Rosângela de Souza Gomes (born 27 December 1966) more commonly known as Rosângela Gomes is a Brazilian politician. She has spent her political career representing Rio de Janeiro, having served as state representative since 2015.

Personal life
She is the daughter of Althair Costa Souza and Sulamite Souza. Gomes is a member of the Igreja Universal do Reino de Deus, and the endorsement by the church's leader Edir Macedo played a big role in her getting elected to the federal chamber of deputies in the 2014 election.

Political career
Before being elected to the federal chamber of deputies, Gomes served as a vereador in her hometown of Nova Iguaçu for a decade, as well as serving in the state legislature from 2011 to 2014.

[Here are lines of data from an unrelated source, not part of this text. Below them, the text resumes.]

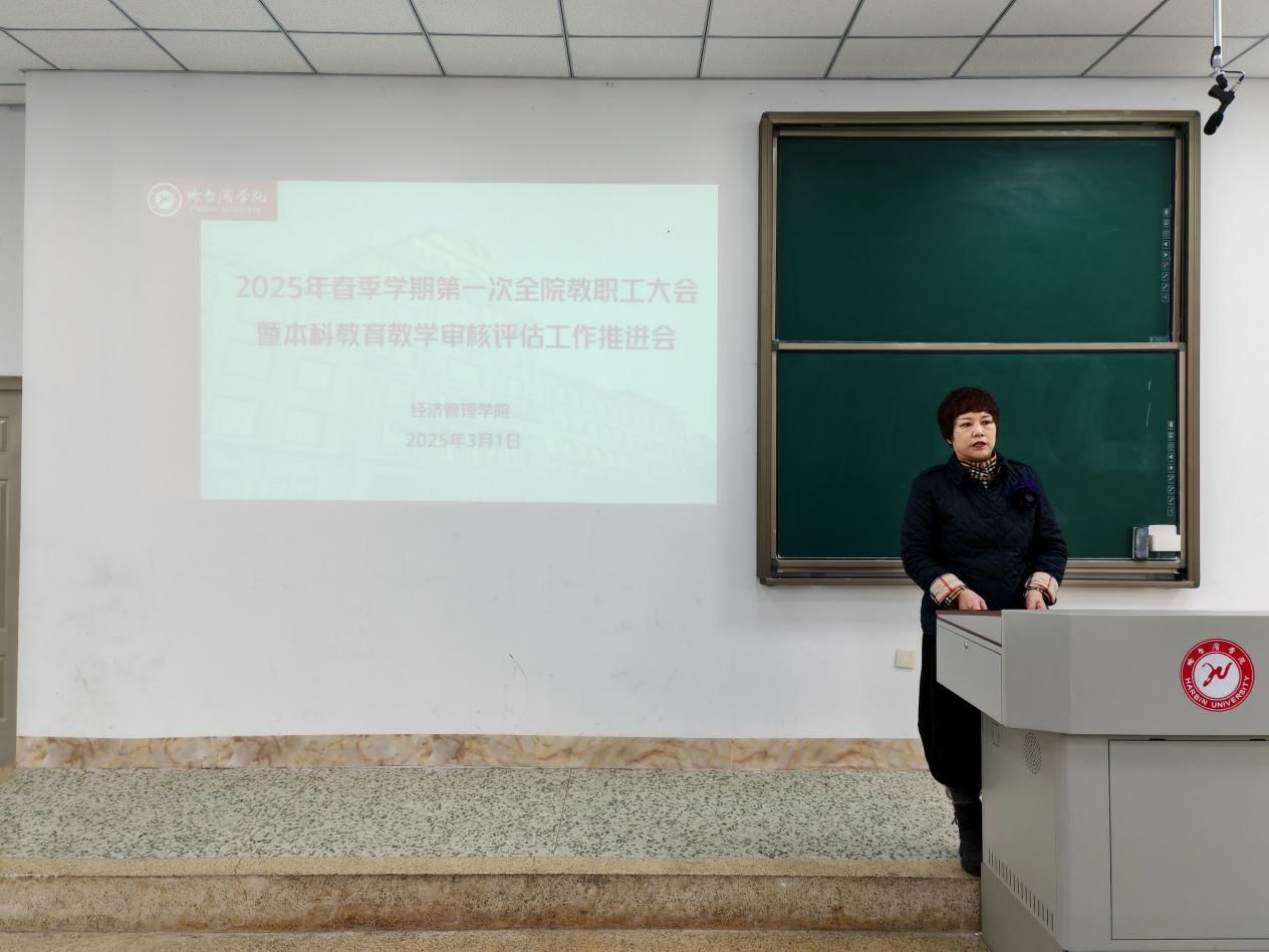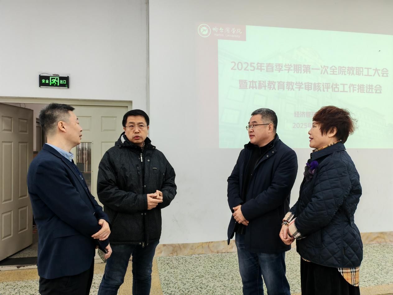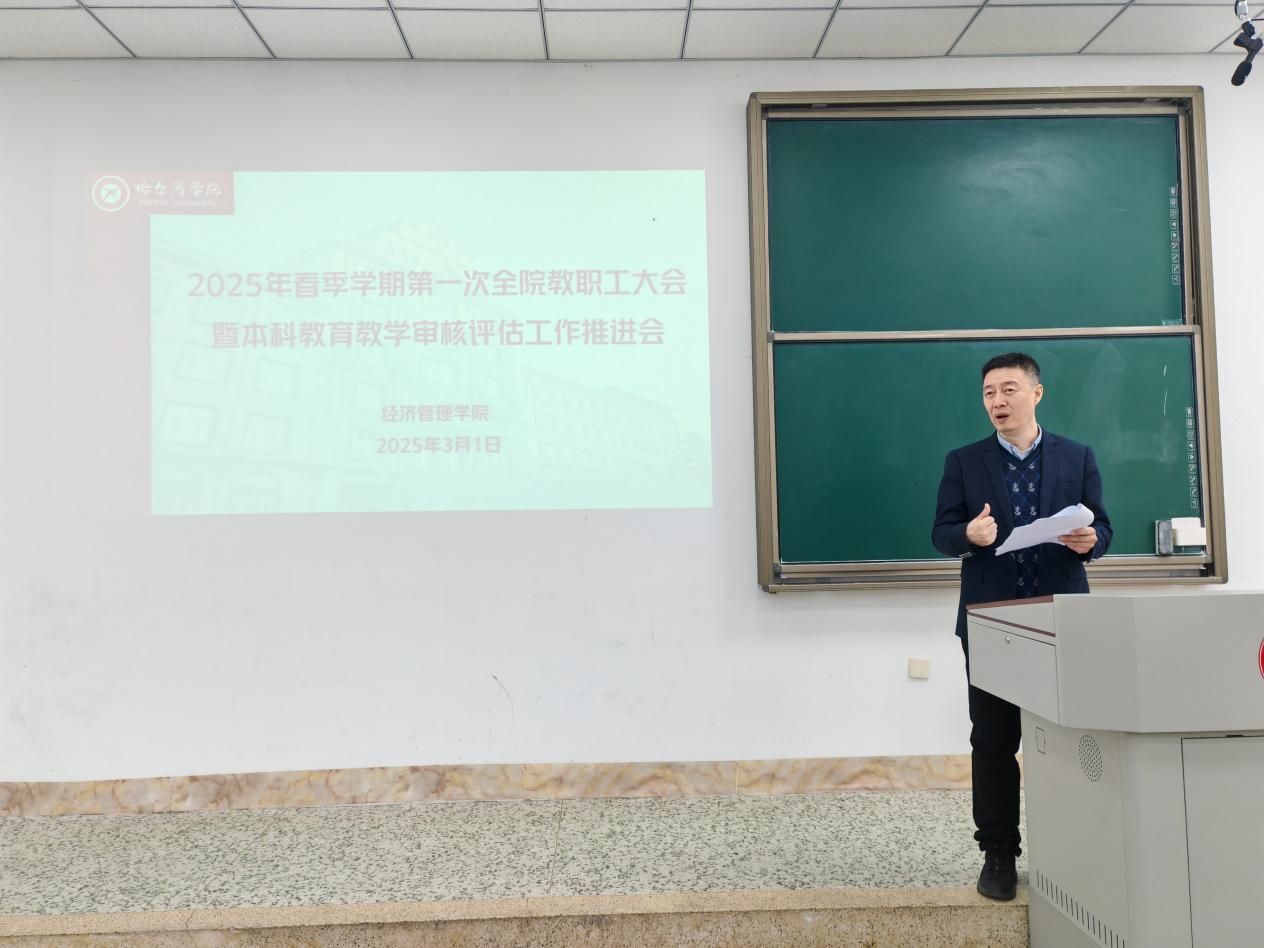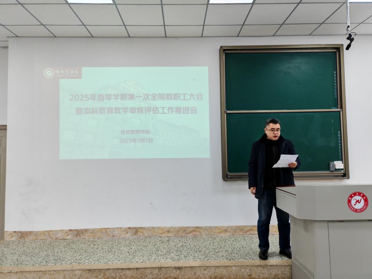 (文/赵浏洋)为全面贯彻落实学校2025年工作会议精神,部署学院重点任务,推进学院审核评估工作,乘着哈尔滨学院第六届教职工代表大会第一次全体会议的东风,3月1日上午,经济管理学院于8102教室召开2025年春季学期第一次全院教职工大会暨本科教育教学审核评估工作推进会,吴旭峰副校长出席会议并讲话,学院领导班子和全体教职工参会,会议由经济管理学院党委书记孙亮主持。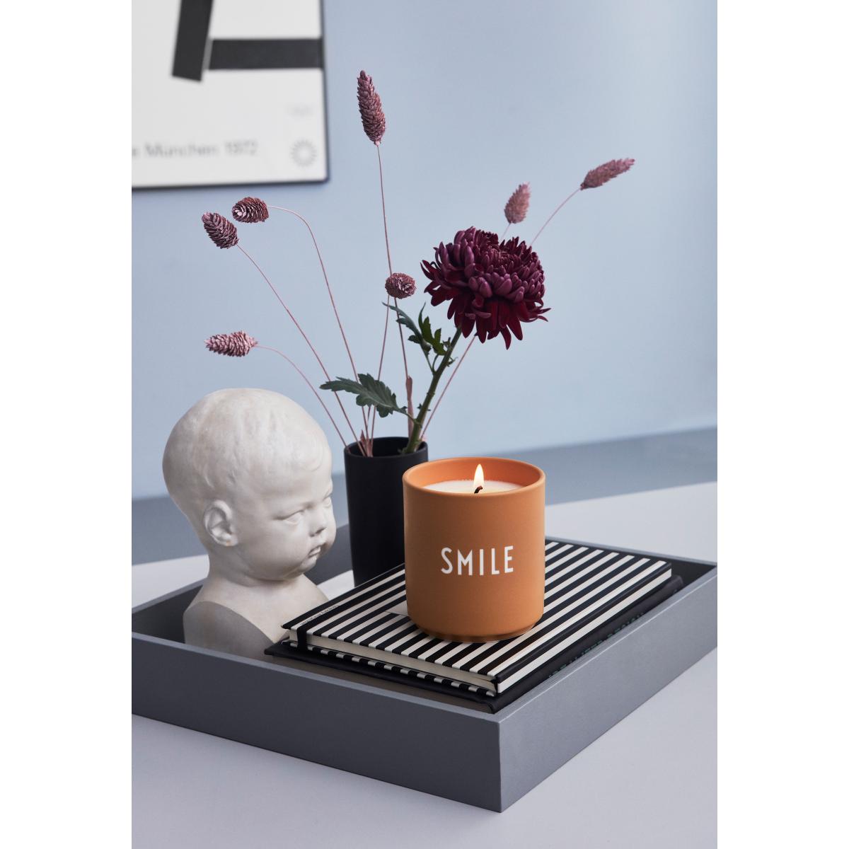 Design Letters scented candle Ø8 cm from Danish brand Design Letters creates a cosy, homely feel in the room and comes in a beautiful porcelain container. You can choose between the "Home" or "Smile" variants, with each having the word engraved into the porcelain with a laser. The scented candles can be placed on a table or in a window in the kitchen, hallway or living room. The scented candles spread a warm glow and fill the room with aromatic scents.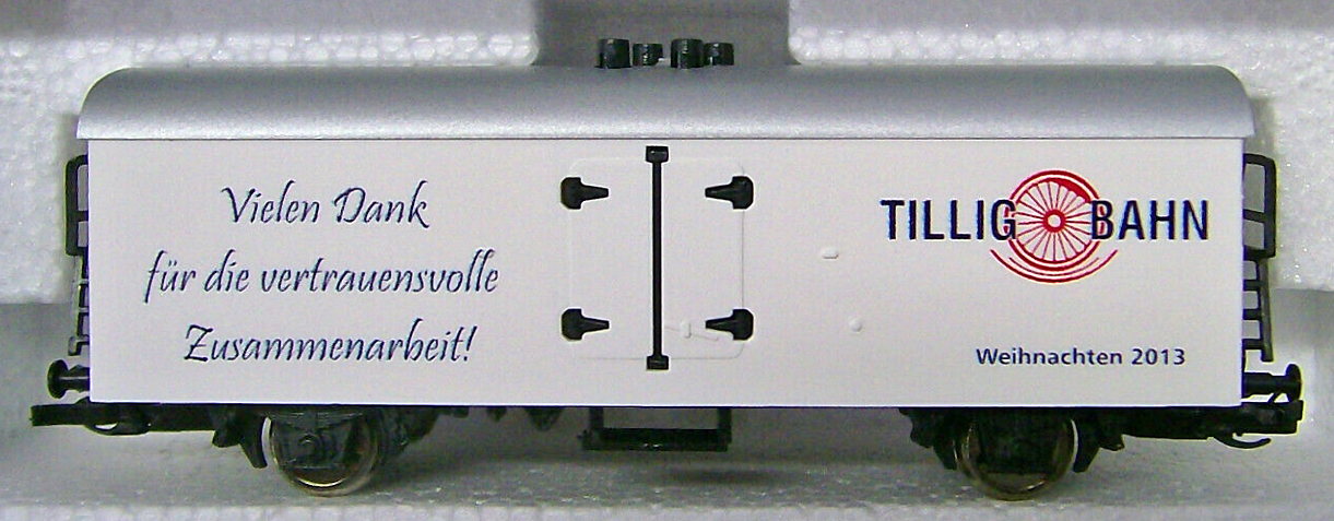 Popis   chladící vůz bílý se stříbrnou střechou a s reklamním potiskem „Weihnachten 2013“

In the aftermath of the 2014 election, Gomes and three other members of the IURD and two politicians from the Assembleias de Deus church were accused by the prosecutors of Rio de Janeiro of violating Brazil's campaign laws by campaigning in places of worship. If convicted the five politicians would have been suspended for 8 years, but the charges were dropped.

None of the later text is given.